In collaboration with Lambeth and Southwark Libraries
COVID-19 TIME CAPSULE
Welcome
What you see below is a virtual time capsule of young people’s experiences of the COVID-19 pandemic, using a number of different creative media, including poetry, film, and Minecraft. The time capsule is designed to be interactive: feel free to explore the visual world below. Starting with a map of a 'Dream Lockdown', you can enter spaces and rooms, and uncover more inside. We hope that it sparks lots of thoughts and conversations.
Early in the pandemic, we (that is a group of researchers at King’s College London) thought it would be important to capture something of what young people on the university’s doorstep were feeling during this time. But by the time we started talking to young people about their experiences of the pandemic in December 2020, they were already bored of COVID-19. Many sighed and rolled their eyes. The pandemic was dominating their lives in so many ways, it seemed like many really did not want to talk about it. But as one young person suggested, it was actually also important to keep talking about it, even if this was unpleasant: to process all the different things that this tiny virus had brought into all of our lives.
Boredom and disengagement often cover up a whole host of other feelings and emotions, a youth worker told us. And so we decided to approach the conversation creatively, using poetry, Minecraft, and film. This has allowed us to work with some truly inspiring young creatives, who – as it turns out – have a lot to say about how the last year has affected them, their peers, and those closest to them. We have created the COVID-19 Time Capsule from their work. Alongside young people’s experiences, we have also included some of the things we have been told by parents and youth workers. We hope that the site can help to amplify the voices and concerns of young people in South London.
As you will discover, young people have experienced a huge range of feelings during the last year; the sense of being trapped and fearful; finding solace in music; taking refuge in other spaces that feel safe.
But COVID-19 isn’t the only thing that young people have been concerned about. They also talked about Black Lives Matter, about the ongoing pace of gentrification in their neighbourhoods. They spoke about how new, online connections have made young people more aware of social injustice. From our perspective as researchers, it seems that COVID-19 has, in fact, intensified and made visible many forms of isolation and entrapment that existed well before the beginning of the pandemic.
Maybe something is brewing. With a year of increased reflection and connections online to social movements around the world, COVID-19 has done a lot more than end lives and devastate families. It has stimulated a more conscious discussion about what we want the world to look like in the future.
Take a look around, and reflect on how the experiences that you discover here compare to your own. Perhaps you can chat with other people about it – a friend, a family member, someone you live with, or that person you still haven’t reconnected with since March 2020.
We all have power to make change, however small that might seem. Take the views of these and other young people into account as you engage with the world.
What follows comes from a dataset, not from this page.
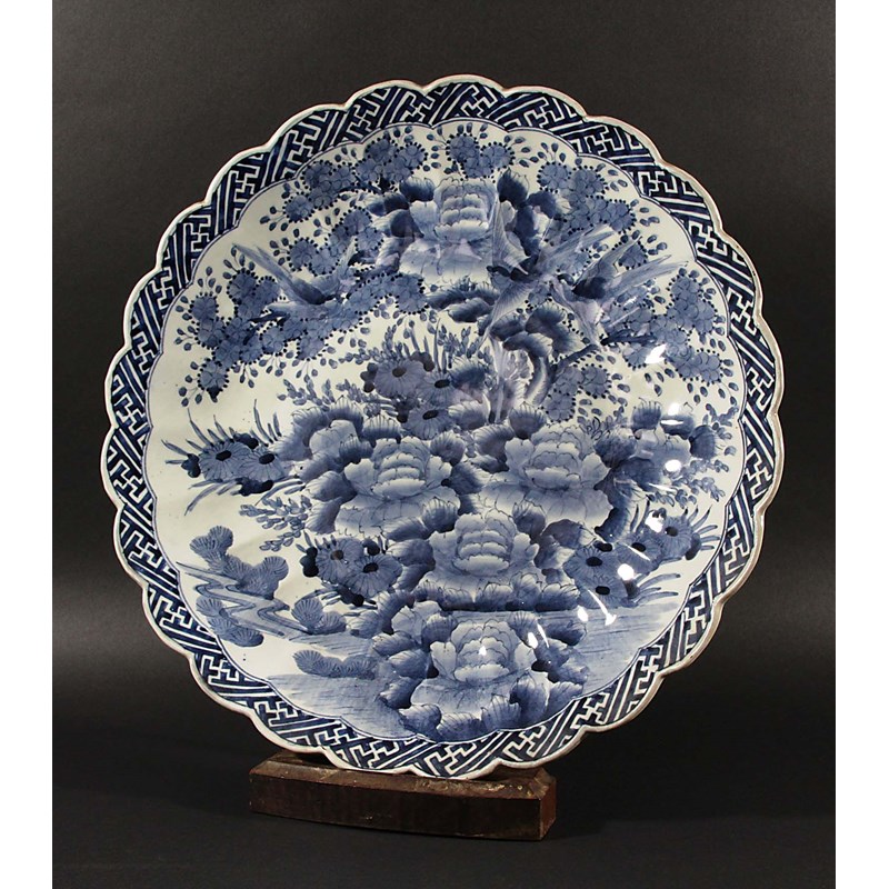 JAPANESE BLUE AND WHITE CHARGER, of scalloped form, painted with a floral garden scene, diameter 46cm

Young people are the future, and so we’d better start listening to what they want to change about it.
Recommendations
Any support specifically based on the pandemic needs to take account of the fact that this is just one pressure happening in many young people’s lives. This has also been a time where many young people have experienced increased economic and family pressures and become engaged in concerns arising from the Black Lives Matter movement.
It must be recognised that young people’s mental health has been greatly affected by structural inequalities and the way these have increased in pressure and visibility during the pandemic. This should result in mental health services more closely co-ordinating with other services and campaigning for a more equal distribution of key resources such as housing, food, tech, and internet as key necessities for good mental health.
Create safe spaces for young people to talk about and process the inequalities they have become so aware of during the pandemic. Some of this safe space should be facilitated by creative and arts-based activities which allow young people to express themselves.
Ensure mainstream support services link in and listen to the grassroots support networks that have formed during the pandemic, and that these grassroots organisations working closely with young people and their families have more financial support.
There is a concern that schools need to be more patient with young people and provide more immediate mental health support to students who are being considered for exclusion.
Young people want some freedom from rigid structures such as school life, but also want some structures which can create safe spaces for young people to play or engage in interests and activities of value to them. Both in and out of lockdowns, youth centres and arts programmes need to be properly supported as, in amongst processes of gentrification and grooming from criminal gangs, these spaces are often the only ones young people feel they have to socialise and just be themselves in.
There needs to be both some practical and inspirational support for young people to imagine and plan better futures for themselves.